C'est un défaut professionnel : quand je lis de la littérature, j'y trouve toujours de la philosophie (et réciproquement).
Par exemple, je pense au Phédon de Platon en lisant quelques lignes du Voyage au bout de la nuit. Socrate en effet dit dans le dialogue en question :
" L'âme raisonne le plus parfaitement quand ne viennent le perturber ni audition, ni vision, ni douleur, ni plaisir aucun ; quand au contraire elle se concentre le plus possible en elle-même et envoie poliment promener le corps ; quand, rompant autant qu'elle en est capable toute association comme tout contact avec lui, elle aspire à ce qui est." (65c, éd. Luc Brisson, p. 1181, Flammarion)
Ou bien, un peu plus loin :
" Tant que nous aurons le corps, et qu'un mal de cette sorte restera mêlé à la pâte de notre âme, il est impossible que nous possédions jamais en suffisance ce à quoi nous aspirons." (66b)
Dans un tel esprit, le point de vue sur le monde que j'ai grâce à ce que je perçois par mes sens n'a strictement aucune valeur cognitive : il ne me donne accès qu'à des apparences éphémères.

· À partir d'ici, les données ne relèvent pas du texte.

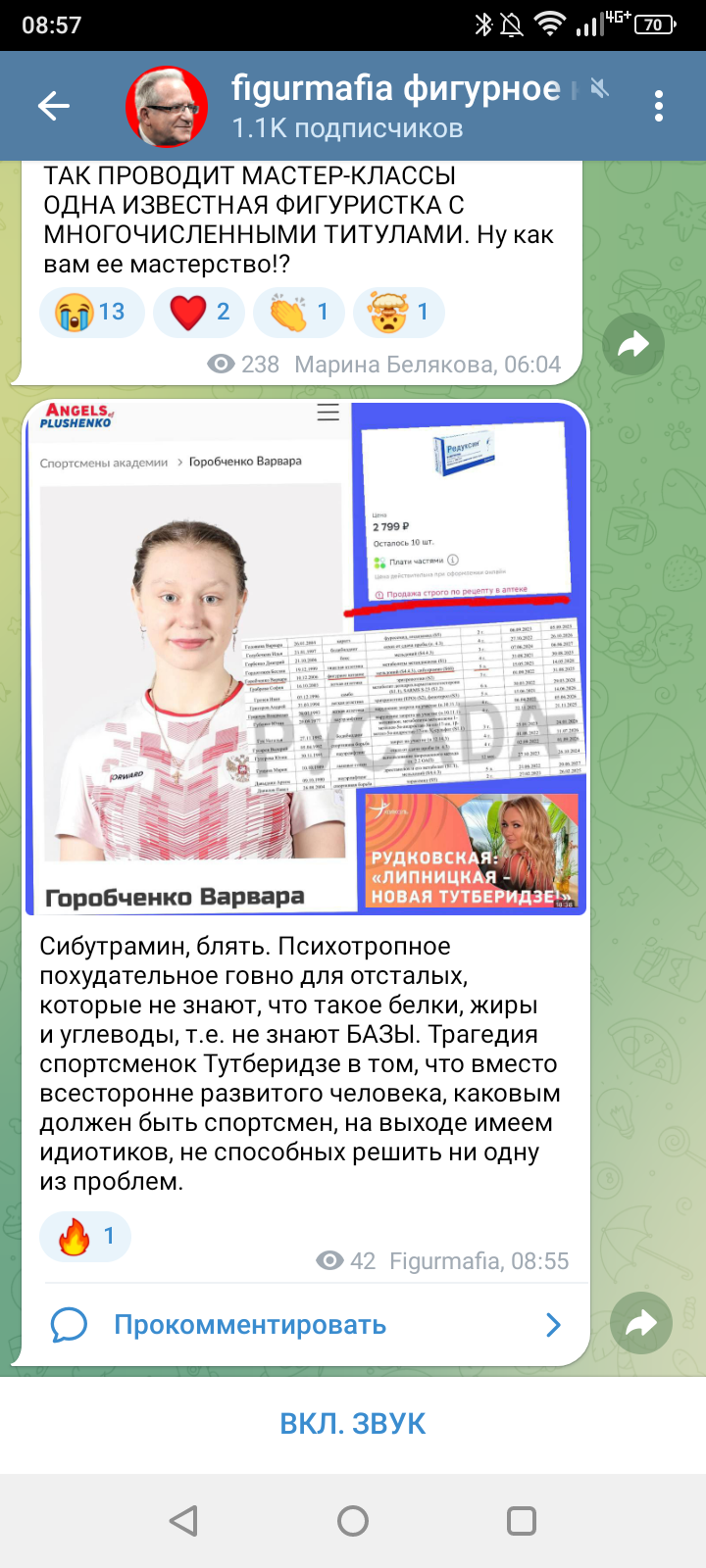 Тот же сибутрамин содержится в редуксине, который люди в возрасте принимают для снижения холестерина. Варя не могла его принимать, так как вес у нее был стабильный. Это видно по диспансеризациям два раза в год, по фото и видео. Если бы она его принимала, то наверняка бы весила не 58-59 кг, а гораздо меньше.
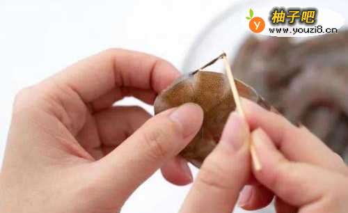 2准备一根牙签,从虾壳第二节与第三节中间穿入,拉除虾肠

Aussi, mourir de son vivant, si on peut dire, est le seul moyen d'accéder à une réalité éternelle. C'est par rapport à cette représentation platonicienne des rapports corps / esprit que se détachent ces quelques phrases du Voyage ; Ferdinand va entrer comme ouvrier dans une usine Ford à New-York, les miteux du texte sont les autres ouvriers, plus généralement les pauvres :
" Je me méfiais quand même parce que les miteux ça délire facilement. Il y a un moment de la misère où l'esprit n'est déjà plus tout le temps avec le corps. Il s'y trouve vraiment trop mal. C'est déjà presque une âme qui vous parle. C'est pas responsable une âme." (La Pléiade, p. 224).
C'est l'opposé de la position du Phédon : plus l'esprit est ancré dans le corps, plus il connaît la réalité. Plus on veut fuir le corps (dans l'expérience douloureuse qui va par exemple avec les souffrances de la misère), plus on s'égare. C'est l'âme - le mot âme désignant ici l'esprit désarrimé du corps - du travailleur à la chaîne qui, entre autres, est ici visée.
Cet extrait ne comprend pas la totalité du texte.